Annual LGBT events in Nepal

Throughout the year, different organizations host pride parades in Nepal. Blue Diamond Society, an LGBT rights organization, in 2010 organized Gai Jatra Gay March, with most participants wearing masks to prevent being identified by suspected homophobic people. In later years, pride events were held at different times of the year. Following criticism of Blue Diamond Society for aligning pride events with the Gaijatra, several organizations began organizing separate rallies instead. All the parades by Blue Diamond Society have coincided with the Gaijatra festival.

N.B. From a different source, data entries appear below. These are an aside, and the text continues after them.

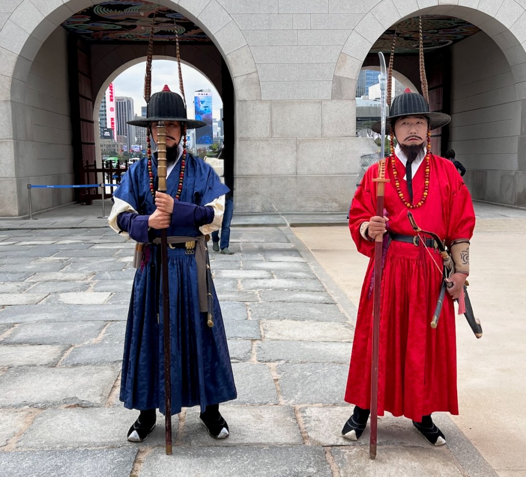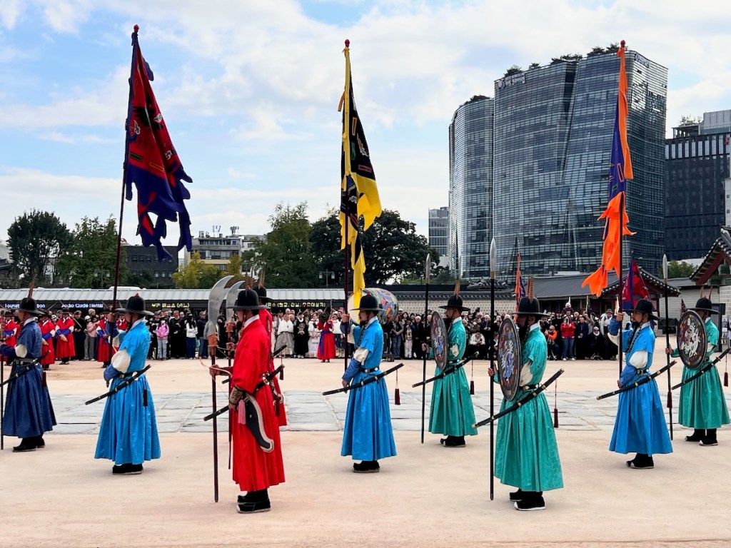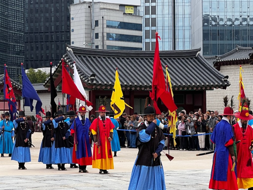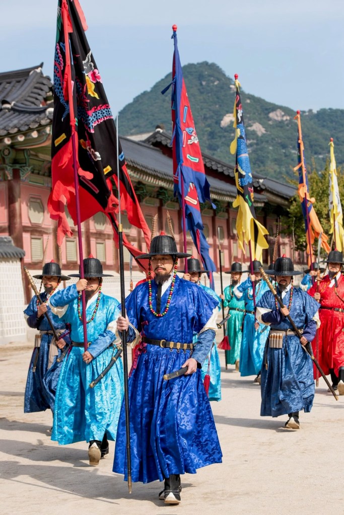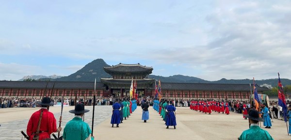 En büyük Joseon sarayı olan Gyeongbok Sarayı’nda nöbet değişim töreni, Gwanghwamun Kapısı önünde yapılıyor. Pazartesi hariç her gün sabah 10:00 ve öğleden sonra 14:00 saatlerinde bu tören gerçekleşiyor.
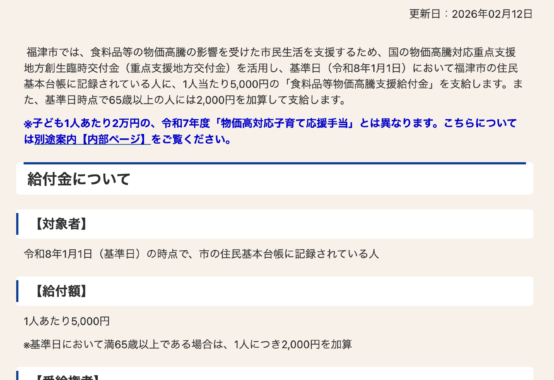 国の経済対策(11月閣議決定・12月補正予算可決)を受け、福津市でも物価高への対応の検討を進めています。
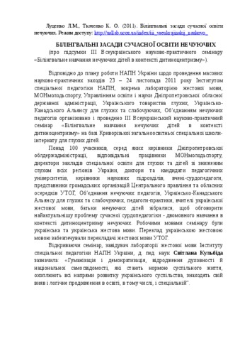 - Луценко, Л.М. and Ткаченко, К.О. (2011) bilingual principles of modern education of the deaf Лабораторія жестової мови Інституту спеціальної педагогіки НАПН України. pp. 1-9.
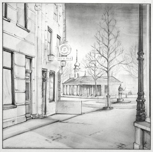 Tekening. Visbank gezien vanuit de Smalle Havenstraa...
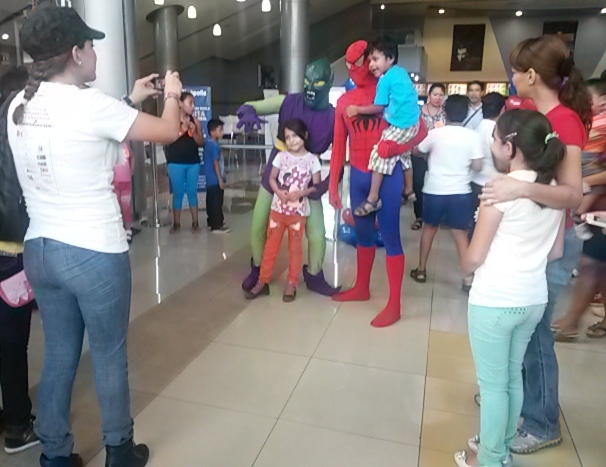 Disfrutaron tomarse fotos con los personajes de la película de Spiderman.
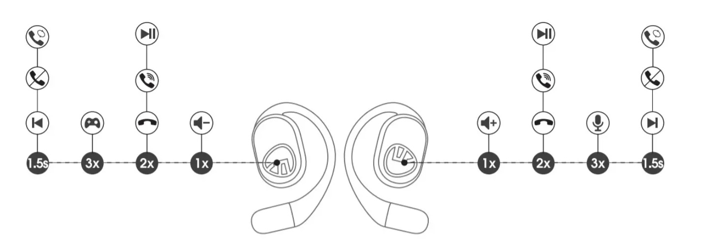 고프리2의 측면에 터치 패널이 있으며 조작법은 간단한데 사운드피츠 고프리2 터치패드 조작은 아래와 같습니다.
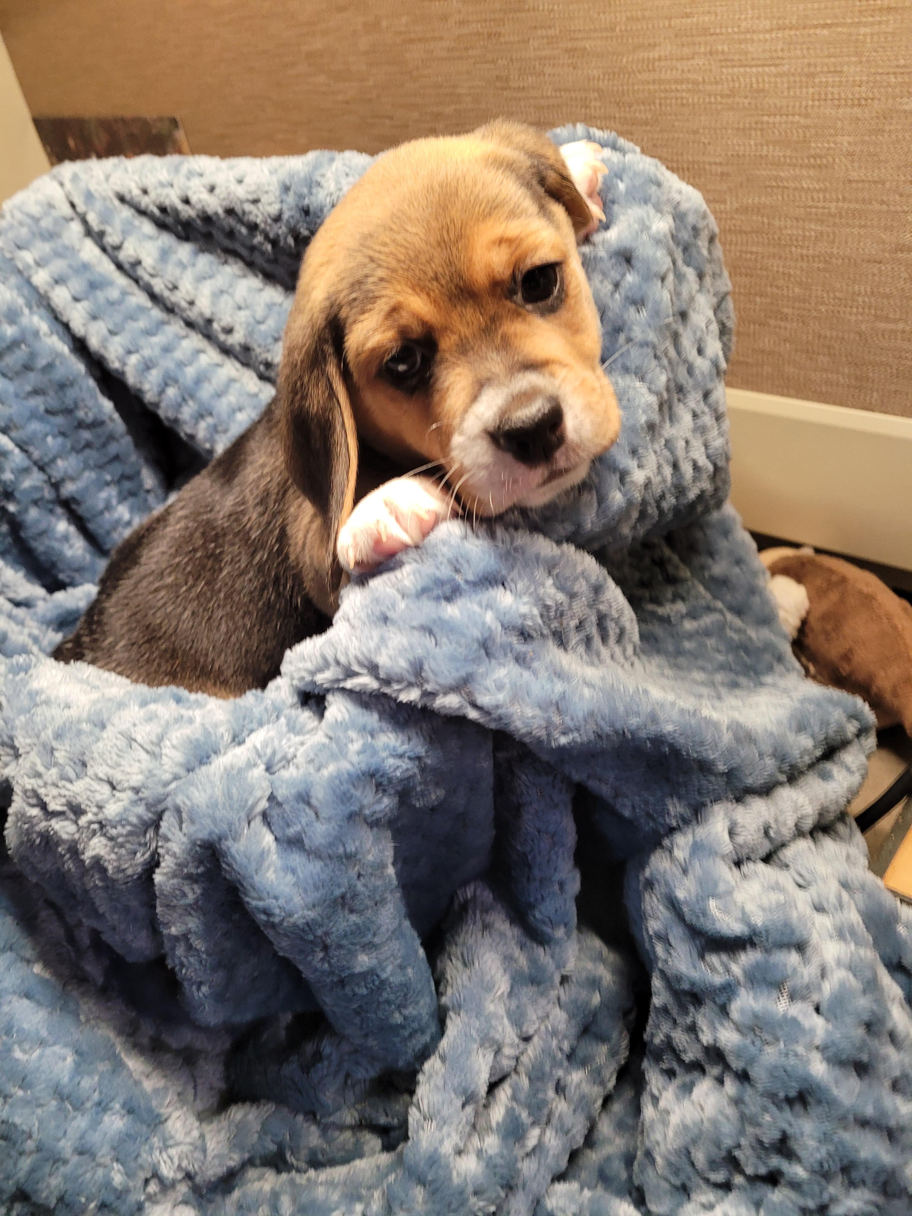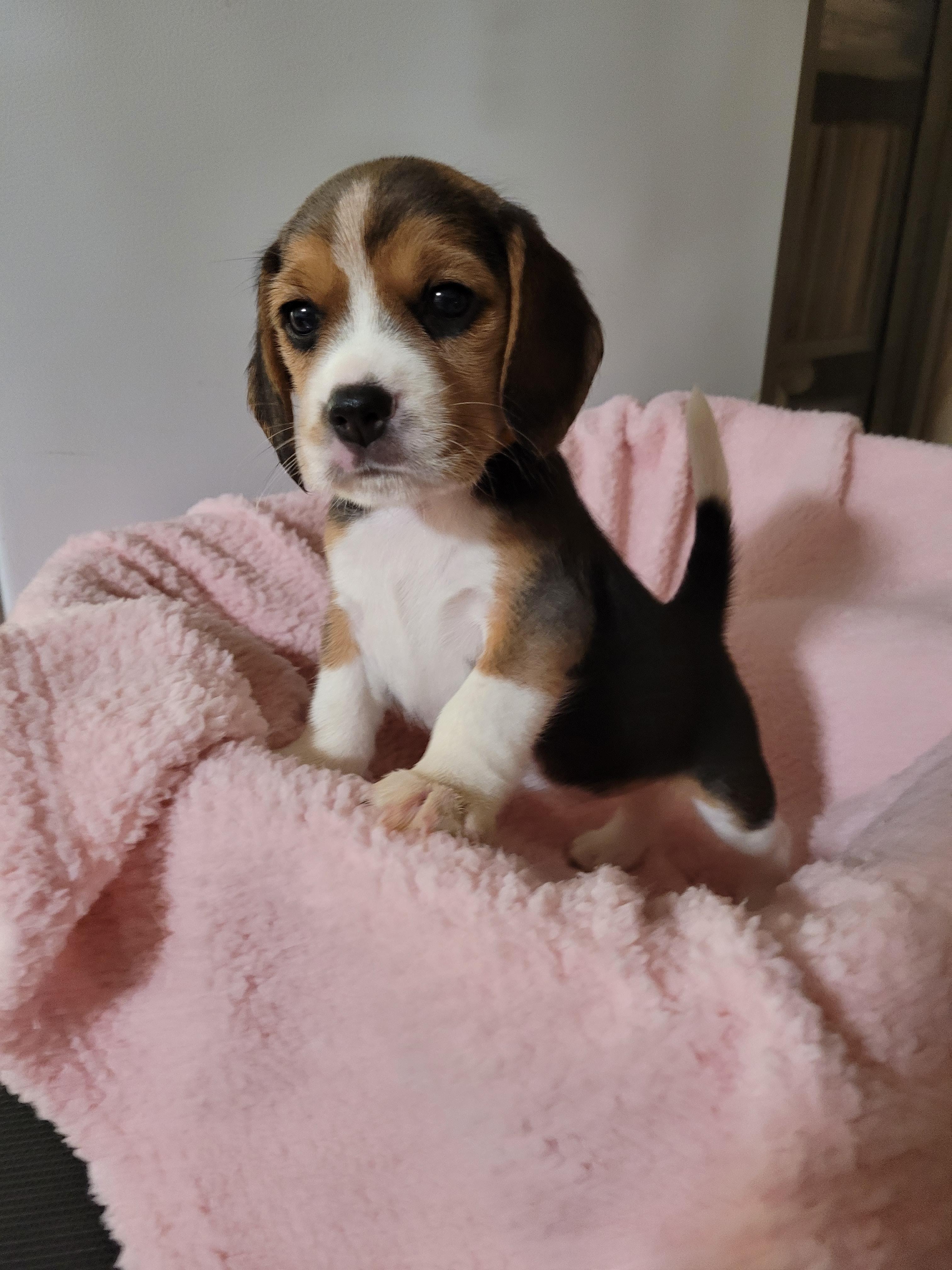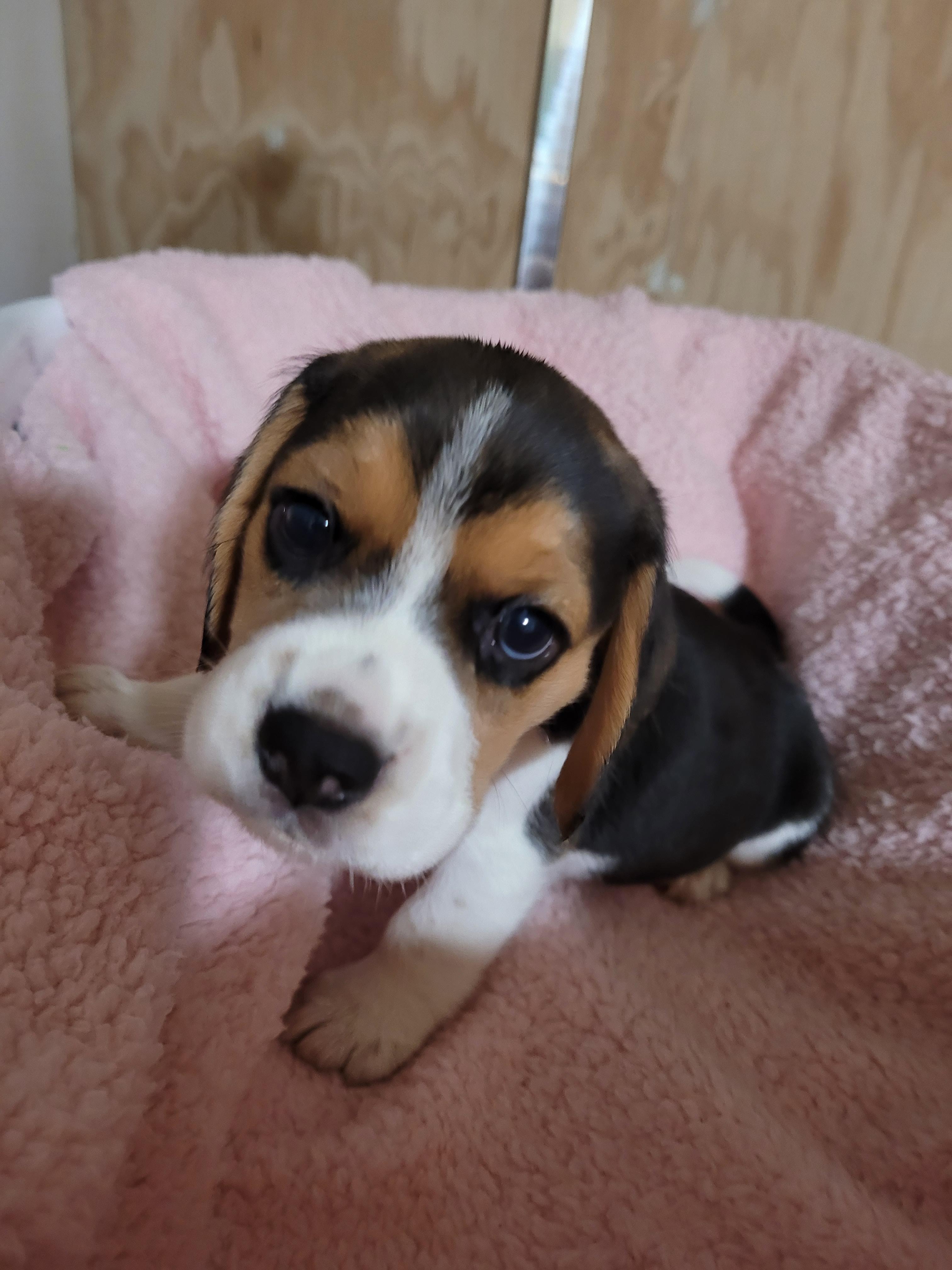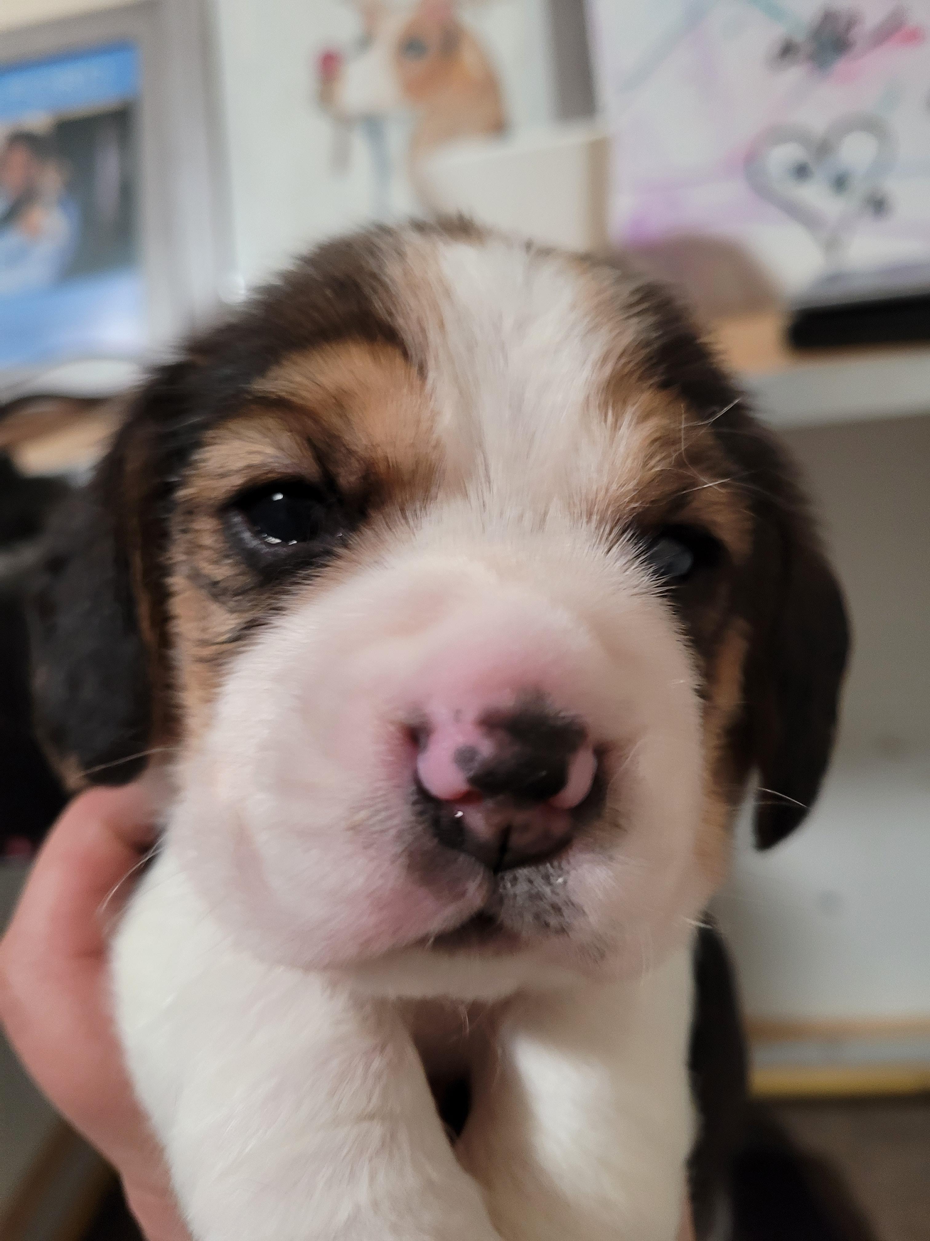 Kiwi is a female Beagle. Carefully selected as a great representative of her breed, Tamara decided to make her part of their program. Tamara has passed Good Dog’s screening process, which involved a review of their breeding practices, environment, and the mental and physical health of their dogs.

The parades end with candle-light vigils in memory of those who died in the past year, promoting equality for all.

==Nepal Pride Parade==

Nepal POMSOGIESC (People of Marginalized Sexual Orientation, Gender Identity and Sex Characteristics) Pride Parade, known as Nepal Pride Parade in short (𑒢𑒹𑒣𑒰𑒪 𑒑𑒾𑒩𑒫 𑒨𑒰𑒞𑓂𑒩𑒰; 𑐣𑐾𑐥𑐵𑑅 𑐐𑐬𑑂𑐧𑐫𑐵𑑅; Tamang: ནེ་པལ་ རང་ཏང་ ཡུལ་ཀོར་།།; Gurung: नेपाल ङ्होईल्वुबये भ्रज्ञाँ / नेपाल ल्हुब्ये प्रबक्याँ; Limbu: ᤏᤣᤐᤠᤗ ᤜᤣᤴᤇᤠᤶ ᤋᤱᤏᤠᤔ), is organized on every second Saturday of June. The Pride March is organized by Queer Youth Group in collaboration with Queer Rights Collective. Since 2020, Campaign for Change (intersex rights organization) has also been involved. This Pride March is the first pride march in Nepal. While many other LGBT marches existed around the year, this has become the first pride march celebrated on pride month. The first parade drew around four hundred people on the busy streets of Maitighar Mandala. The first pride march was organized on June 29, 2019, which declared second Saturday of June to be celebrated as Pride Day in Nepal.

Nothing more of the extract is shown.